In this powerful Sundays With Seegers podcast-only episode, County Commissioner candidate Jake Seegers sits down with Port Angeles community advocate and entrepreneur David Rogers for one of the most candid conversations yet about addiction, recovery, public safety, and the failures of modern harm reduction policies.
“If I can start feeling happy inside a jail cell, what would my life be like outside if I wasn’t on drugs?”
Rogers doesn’t speak as an outsider. He openly discusses years of addiction, arrests, jail time, treatment programs, and the shame that ultimately pushed him to change his life. “Most of the people I know who are clean ended up arrested,” Rogers says during the interview, arguing that consequences—not endless enabling—often became the turning point for recovery.

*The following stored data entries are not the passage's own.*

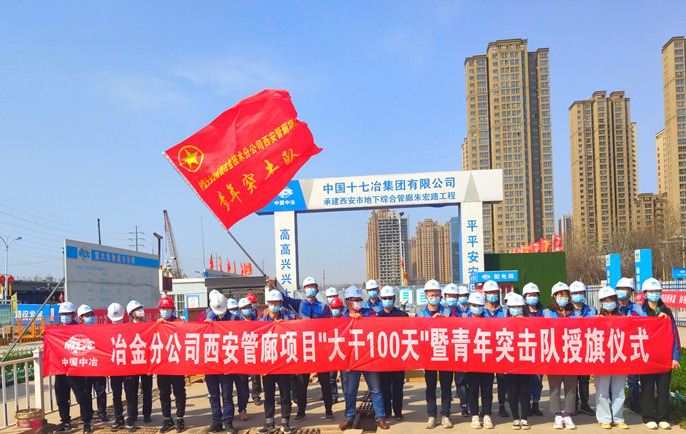 为了传达中国十七冶集团“大干一百天”动员大会的会议精神,进一步激励广大团员青年在工作中充分发挥主力军和突击队的作用。冶金公司西安管廊项目部始终坚持“一手抓疫情防控、一手抓复工复产”,强化疫情防控和安全生产,全面推动工程复工复产。3月18日下午,在西安管廊项目朱宏路现场举行“冶金公司西安管廊青年突击队”成立及授旗仪式。冶金公司党委书记陈鑫慧、团委书记李赛赛、项目部管理人员及全体青年突击队员参加了此次授旗仪式。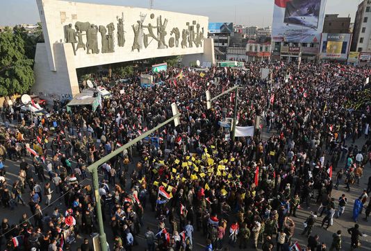 Le 12 décembre, à Baghdad, des membres de milices chiites irakiennes manifestent contre la présence militaire turque près de Mossoul, dans le nord de l’Irak.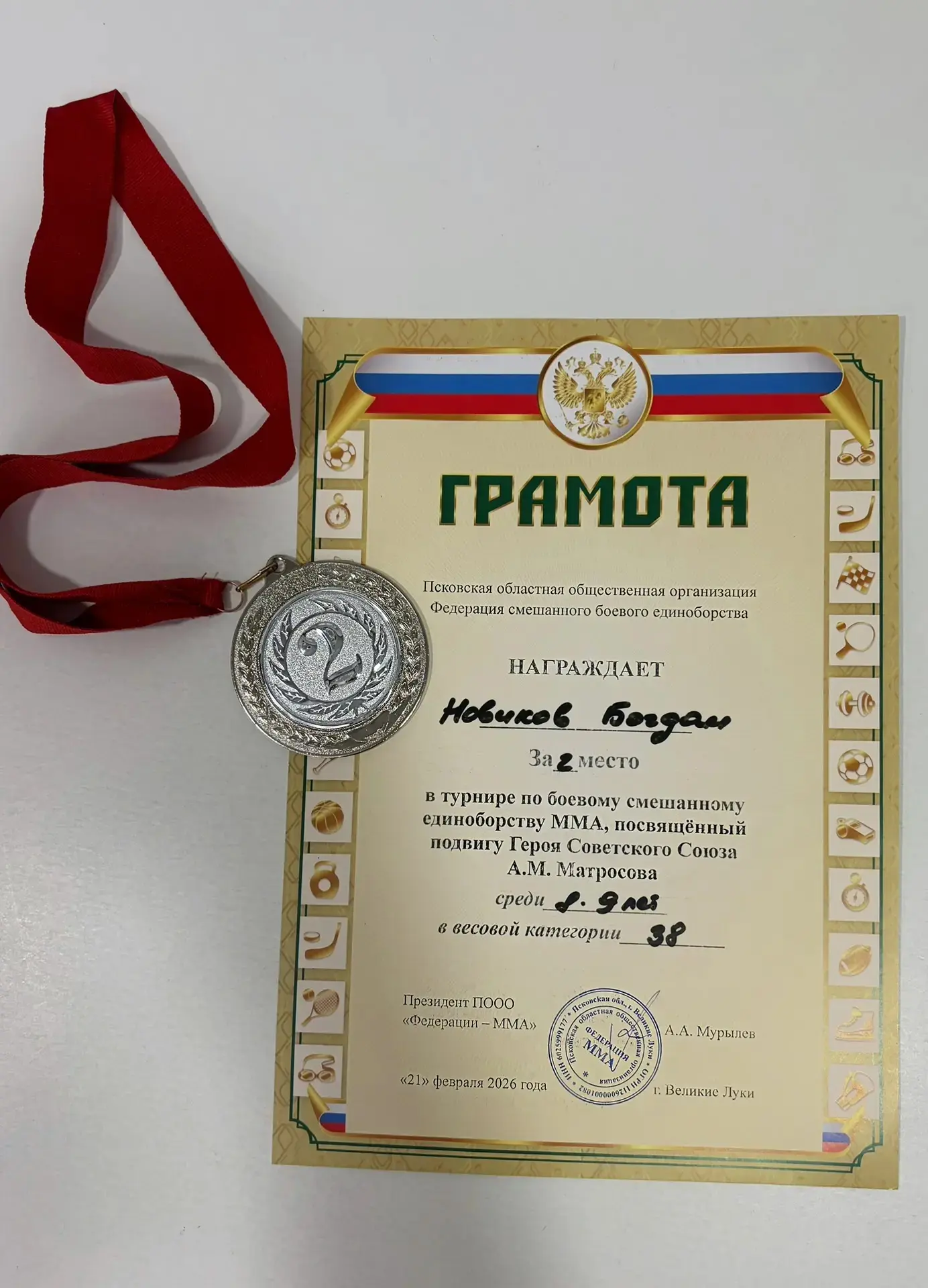 Поздравляем Новикова Богдана ученика 3 а класса с победой в Межрегиональном открытом кубке по смешанному боевому единоборству ММА , посвященному подвигу Героя Советского Союза Александра Матросова .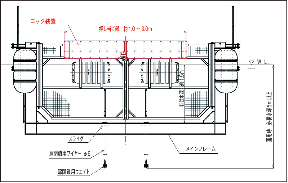 ・船による押し開きのみで通過が可能なため、運用時に船上の作業員が直接手を触れる必要が無くなったので、ゲート通過時の安全性および作業性の向上が期待できる。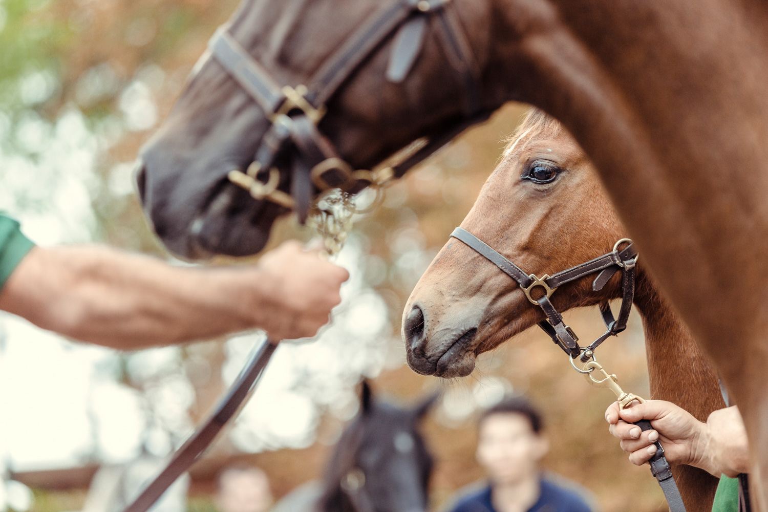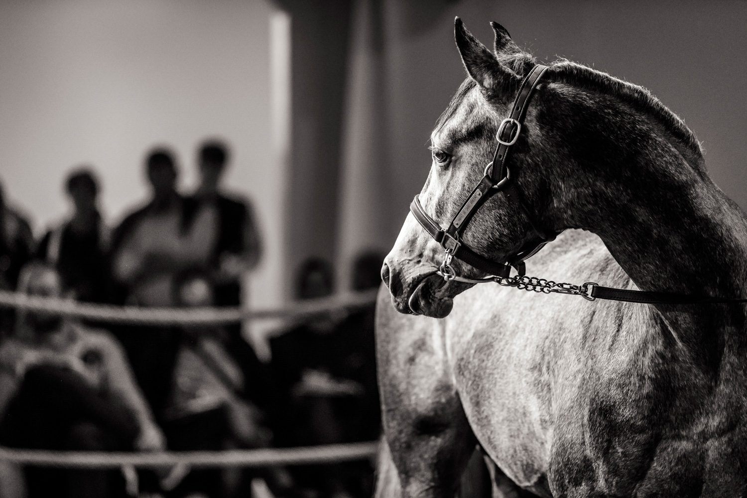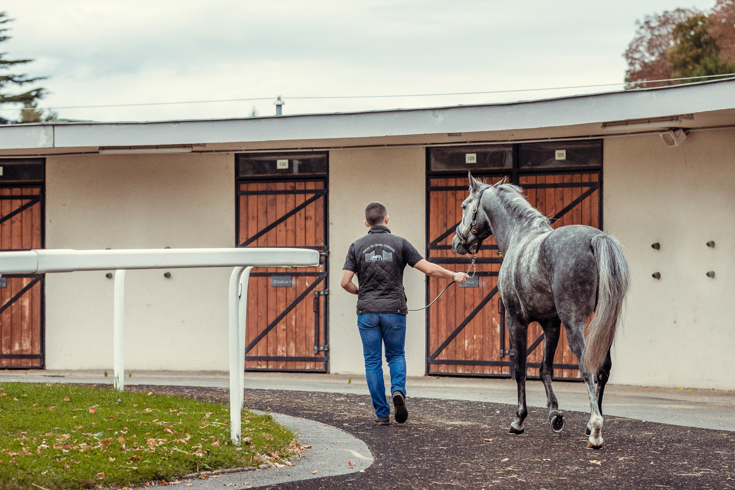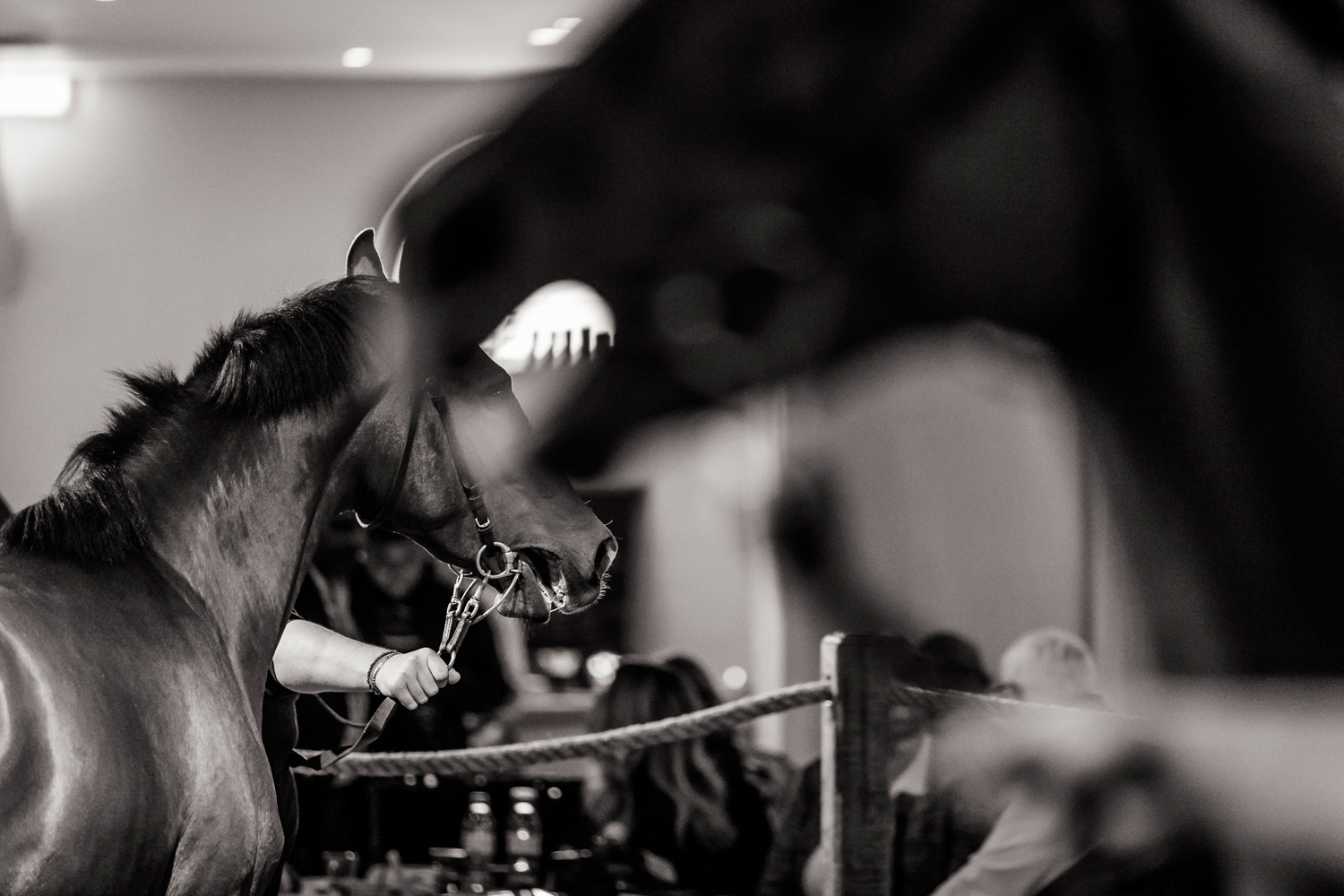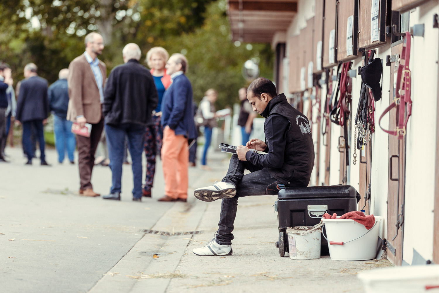 A première vue tout semble paisible. Catalogue sous le bras, stylo autour du cou, téléphone en main, un ballet bien organisé entre éleveurs et futurs acheteurs s’organisent devant moi. L’ambiance est sérieuse et studieuse. Tout à coup, un potentiel acheteur fait signe à la personne responsable du cheval. Celui-ci lui demande si il peut le voir dehors, afin d’étudier les jambes (du cheval bien sûr) et de le voir marcher. Une fois chose faite, il inscrit ses remarques dans son catalogue et va voir le ou les suivants qui ont capté son attention lors des galops. ambiance, relation, détail, une partie de mon travail photographique s’articule autour de cet axe.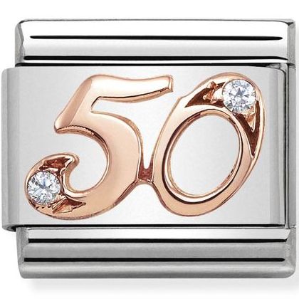 Original Nomination Composable Classic Link for Composable bracelet in stainless steel with bonded rose gold number 50 with Cubic Zirconia symbol. This precious Link is the perfect gift idea for yourself or someone else for a special Birthday. Choose the beauty of details to celebrate a milestone year for someone you love!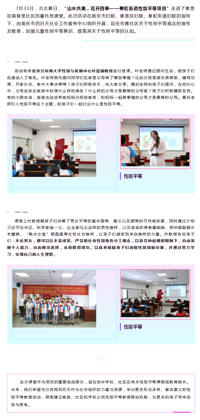 【秦虹·项目剪影】“山水共美,花开四季”——秦虹街道性别平等项目 走进扇骨里社区暑托班

Now nine years into recovery, Rogers is a husband, father of three daughters, business owner, mushroom farmer, and founder of the Olympic Peninsula Fungi Festival—a wildly successful event that brings thousands of visitors to Port Angeles during the shoulder season.
The festival has grown into the largest mushroom festival in the Pacific Northwest, featuring workshops, excursions, live music, cooking classes, vendors, camping, and a celebrated culinary mushroom feast.
But the heart of this episode is Rogers’ blunt assessment of today’s addiction policies. “I don’t think that should be something that we should be making easy,” Rogers says about open-air addiction and public drug use. “There needs to be consequences because those consequences start to make you reconsider your actions.”
From shocking stories about public drug use near the courthouse to deeply personal reflections about recovery, treatment, and rebuilding a life, this is a conversation that will challenge assumptions—and leave listeners thinking long after it ends.